======== Input data

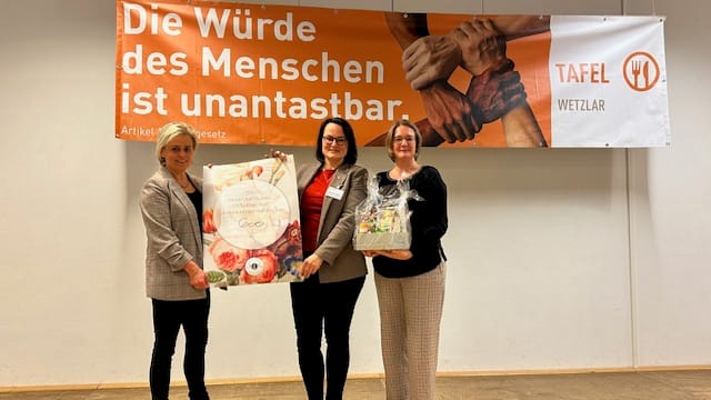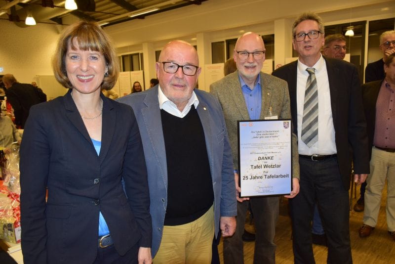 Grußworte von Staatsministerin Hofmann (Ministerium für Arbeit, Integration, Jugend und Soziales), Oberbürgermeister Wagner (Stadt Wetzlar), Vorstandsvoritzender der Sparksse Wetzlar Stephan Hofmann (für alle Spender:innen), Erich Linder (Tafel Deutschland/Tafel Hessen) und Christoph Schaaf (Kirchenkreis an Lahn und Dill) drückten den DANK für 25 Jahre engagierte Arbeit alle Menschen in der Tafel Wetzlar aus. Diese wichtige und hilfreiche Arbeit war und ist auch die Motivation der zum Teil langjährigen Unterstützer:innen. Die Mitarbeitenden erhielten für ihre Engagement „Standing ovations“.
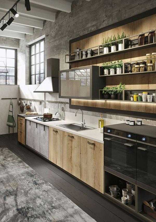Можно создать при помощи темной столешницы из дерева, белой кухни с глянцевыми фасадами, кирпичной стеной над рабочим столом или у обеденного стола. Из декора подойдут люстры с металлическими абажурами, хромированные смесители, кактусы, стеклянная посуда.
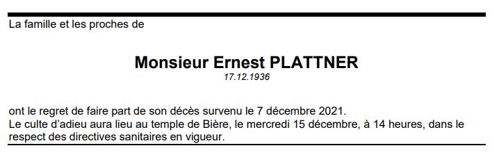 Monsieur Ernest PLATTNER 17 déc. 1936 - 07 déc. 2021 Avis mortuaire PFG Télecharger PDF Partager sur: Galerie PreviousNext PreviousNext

================
======== Input data

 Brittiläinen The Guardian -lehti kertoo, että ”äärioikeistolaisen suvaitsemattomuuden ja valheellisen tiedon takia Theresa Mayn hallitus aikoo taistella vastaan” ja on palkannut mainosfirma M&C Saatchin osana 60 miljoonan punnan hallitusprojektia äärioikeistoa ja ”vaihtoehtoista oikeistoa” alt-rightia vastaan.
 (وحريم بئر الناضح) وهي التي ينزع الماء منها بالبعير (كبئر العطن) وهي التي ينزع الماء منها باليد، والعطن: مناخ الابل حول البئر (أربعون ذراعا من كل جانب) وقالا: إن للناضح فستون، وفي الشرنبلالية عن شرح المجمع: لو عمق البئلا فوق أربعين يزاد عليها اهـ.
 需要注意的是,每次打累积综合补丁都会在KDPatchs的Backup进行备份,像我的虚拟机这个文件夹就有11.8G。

================
======== Input data

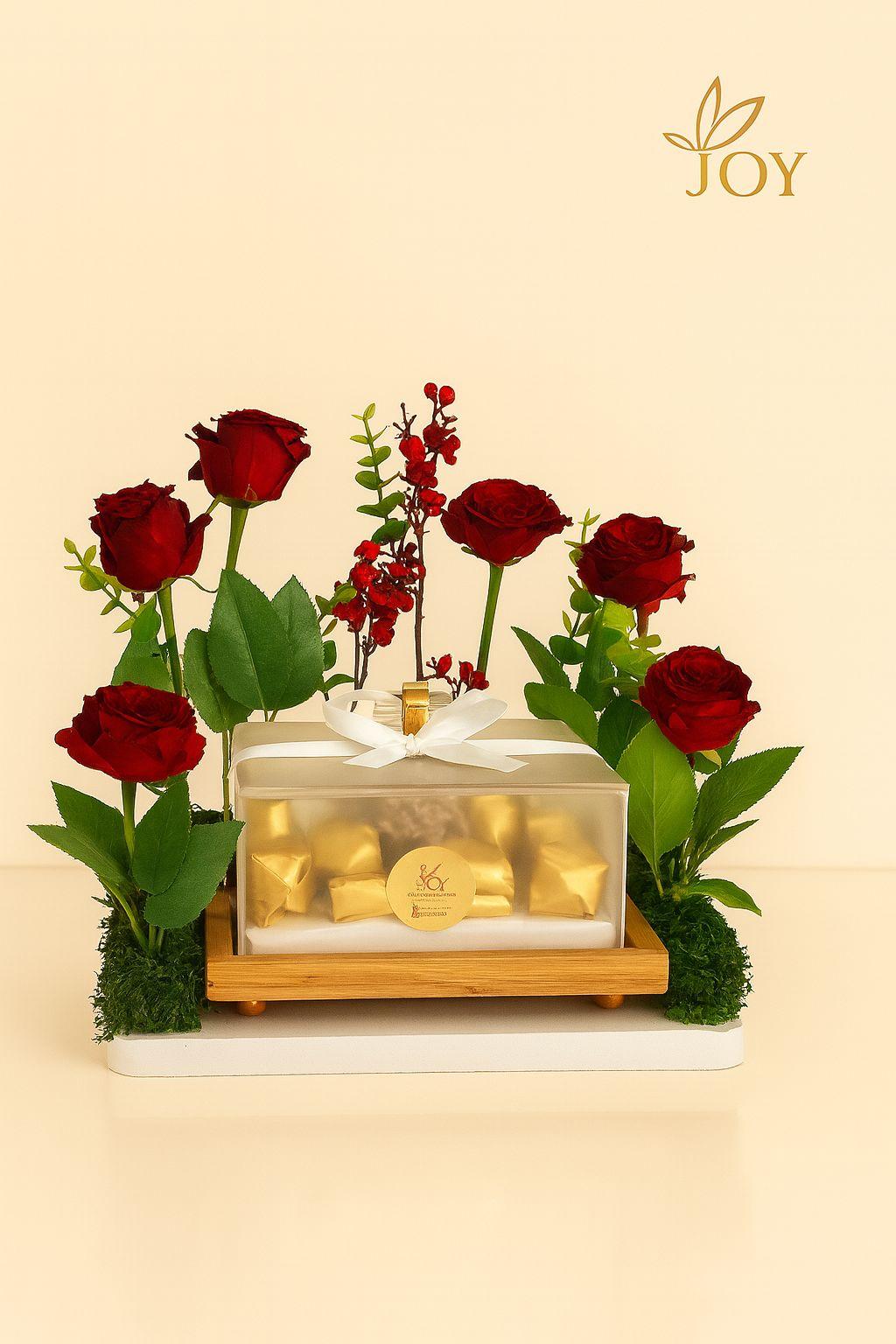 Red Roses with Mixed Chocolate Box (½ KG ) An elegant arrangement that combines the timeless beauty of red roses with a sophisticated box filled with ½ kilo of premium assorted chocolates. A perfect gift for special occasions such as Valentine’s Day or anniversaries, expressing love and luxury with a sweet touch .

================

• Assignment: All lines in the listing above from the line containing "Brittiläinen The Guardian" to the line containing "需要注意的是,每次打累积综合", inclusive, should be retyped exactly; no other lines should appear.

• Answer:
 Brittiläinen The Guardian -lehti kertoo, että ”äärioikeistolaisen suvaitsemattomuuden ja valheellisen tiedon takia Theresa Mayn hallitus aikoo taistella vastaan” ja on palkannut mainosfirma M&C Saatchin osana 60 miljoonan punnan hallitusprojektia äärioikeistoa ja ”vaihtoehtoista oikeistoa” alt-rightia vastaan.
 (وحريم بئر الناضح) وهي التي ينزع الماء منها بالبعير (كبئر العطن) وهي التي ينزع الماء منها باليد، والعطن: مناخ الابل حول البئر (أربعون ذراعا من كل جانب) وقالا: إن للناضح فستون، وفي الشرنبلالية عن شرح المجمع: لو عمق البئلا فوق أربعين يزاد عليها اهـ.
 需要注意的是,每次打累积综合补丁都会在KDPatchs的Backup进行备份,像我的虚拟机这个文件夹就有11.8G。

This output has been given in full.